This report therefore argues that the scale and magnitude of tipping point impacts necessitate a transformational, beyond incremental, approach to adaptation. Incremental adaptation refers to measures that target specific systems components, safeguarding these from given climate risks, and ensuring system functioning into the future (Loginova and Batterbury, 2019[40]) (Kates, Travis and Wilbanks, 2012[41]). In comparison, transformational adaptation can be more effective in building resilience because it implies changes in the fundamental characteristics of the human and natural systems so that the capacity of these systems to cope with potential hazards is increased (IPCC, 2022[33]). The IPCC defines resilience as “the capacity of social, economic and ecosystems to cope with a hazardous event or trend or disturbance, responding or reorganising in ways that maintain their essential function, identity and structure as well as biodiversity in case of ecosystems while also maintaining the capacity for adaptation, learning and transformation” (IPCC, 2022[33]).

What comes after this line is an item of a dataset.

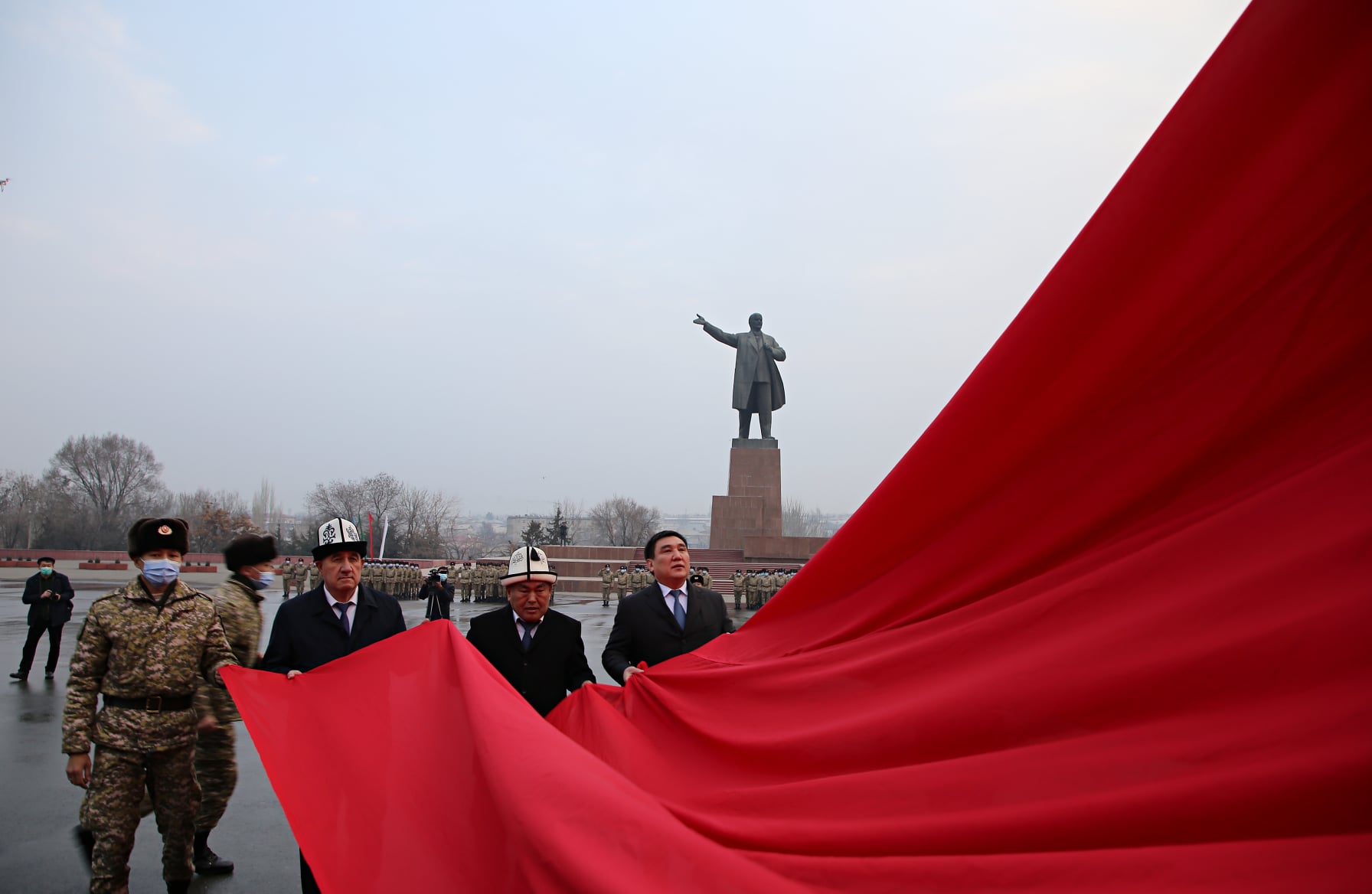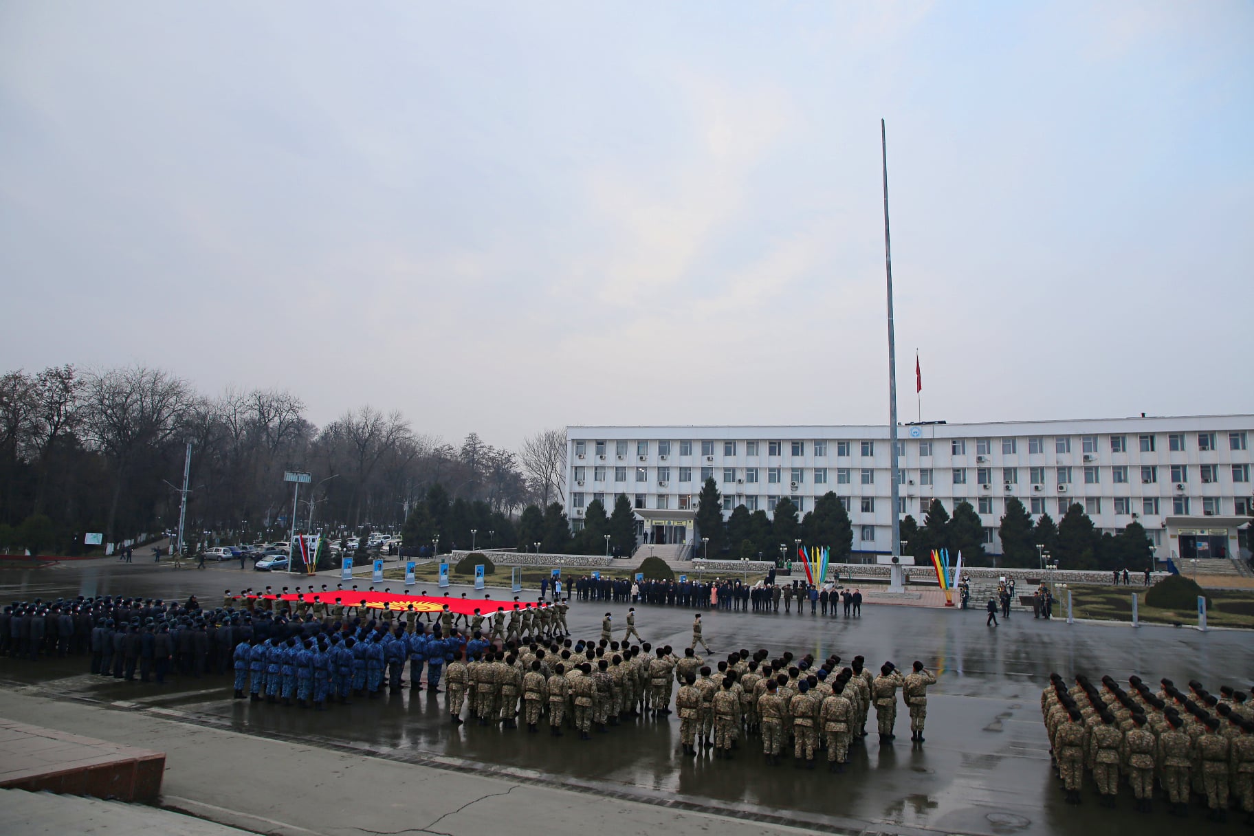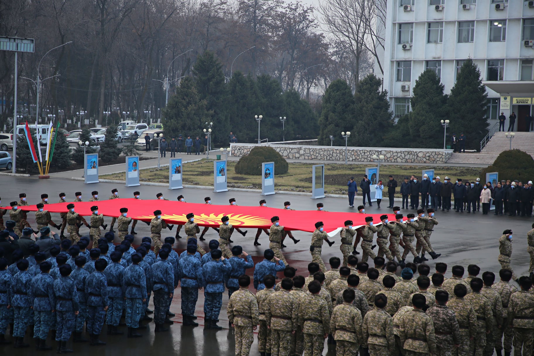 Военнослужащие Ошского гарнизона внесли на центральную площадь 15-метровый флаг, который под исполнение государственного гимна был поднят над площадью.

The latest Working Group II contribution to the IPCC AR6 considers transformational adaptation as “one component of climate resilient development in which adaptation, mitigation and development solutions are pursued together to exploit synergies and reduce trade-offs among these actions” (Ara Begum, 2022[34]) (Box 3.1 discusses in more detail some of these synergies and trade-offs). This is also reflected in the IPCC WGIII report on mitigation, in that, alongside its role for mitigation, the transformation of whole systems also has a key role to play in achieving transformational adaptation (Lecocq, 2022[42]). While transformational adaptation comes with challenges in the short-term by potentially disrupting current economic and social systems, in the long-term it could generate a range of benefits to human well-being and to planetary health (Schipper et al., 2022[43]) which could end up saving communities and the environment.

In light of the threat of climate system tipping points, transformational adaptation could necessitate stringent and even drastic measures to reduce impacts and avoid losses. Many responses in line with transformational adaptation are technological – for instance, implementing water capture and storage solutions in areas at risk of drying. They can also be behavioural, or alternatively include fundamental changes in institutional arrangements, priorities, and norms (Kates, Travis and Wilbanks, 2012[41]). In addition, transformational adaptation measures can target the spatial development of human activities, including through managed or strategic retreat of communities and settlements, relocation of assets and infrastructure or long-term spatial planning and urban and agricultural zoning. Other examples include cooperative governance such as international cooperation among governments to manage migrations, the deployment of Nature-based Solutions (NbS), and livelihood transformation in land systems (New, 2022[44]).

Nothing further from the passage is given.